When I started thinking about writing more on short stories, and then started thinking about writing more on short stories by Writers Who Aren’t Dead, Julie Orringer was one of the first I thought of looking up. This struck me as weird, because although I read her collection, How to Breathe Underwater, years ago, I don’t remember thinking much of her at the time or in ensuing years. This may be in part due to my suspicion of Writers with MFAs (Orringer has one from Iowa), but her name and her collection have stuck in my head long enough that it seemed time to revisit her.
And man, am I glad I did. You can find a decent number of Orringer’s stories online for free, and if you have the time and inclination it’s worth seeking them out. (Word to the wise, though: make sure to check they’re complete, because I’ve stumbled over some that are excerpts. Lengthy excerpts, but excerpts nonetheless.)

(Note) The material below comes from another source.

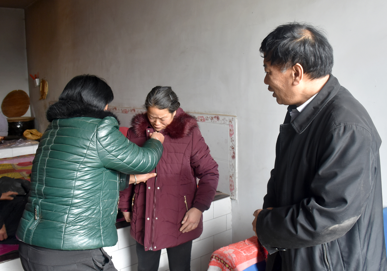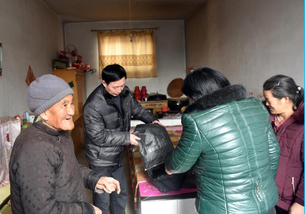 2017年1月10日上午,304永利集团党委书记李学刚、院工会主席赵道卿、院办公室副主任邓碾管一行三人,来到吉县车城乡桃村结对帮扶户程彦忠家进行走访慰问。带着304永利集团全体教职工的牵挂与爱心,送去了米、面、油和过年服装,并送上了500元慰问金。程彦忠一家有三口人,本人智障,媳妇残疾,还有一个80多岁的老母亲。在其家中,李学刚书记详细询问了他们一年来的生产、生活情况和冬季取暖情况,与老人促膝长谈,了解他们的身体状况,祝福他们好好生活,要相信党、相信组织,过一个美满的春节。(院办/文 邓碾管/摄)

My favorite reread story by Orringer is “Care”, which appeared in her collection. It’s about a girl, Tessa, who is babysitting her sister’s daughter, Olivia, for the day, but also about the misdirections of life. Orringer hints at how Tessa’s life has veered off course and how she is trying to find her way back, but without belaboring the point, and the narrative tone is perfectly matched to Tessa’s mental state.
She feels something going wide and empty in her chest, the Devvie slipping out from beneath the Sallie, the cartoon moment just before you fall, when the cliff’s already gone but gravity has not yet got you.
There are also some fantastic descriptions of characters. On Tessa’s brother-in-law: “he is devoted to the study of imaginary numbers and to the building of handy gadgets.” On Tessa’s niece, Olivia: “She is a child cared for in great detail.” And some lines that are, more generally, just pitch-perfect, like when Tessa tells Olivia: “I’m your adult today.[...] I make the rules.”
Orringer may be a graduate of a creative writing program, but rereading her stories makes me want to take back all the bad things (well, some of the bad things) I’ve said or thought about these programs and the writers who attend them. Anything that can produce this sort of story, this sort of writer, is worth it.
What have you read by Orringer? Do you have a favorite story by her?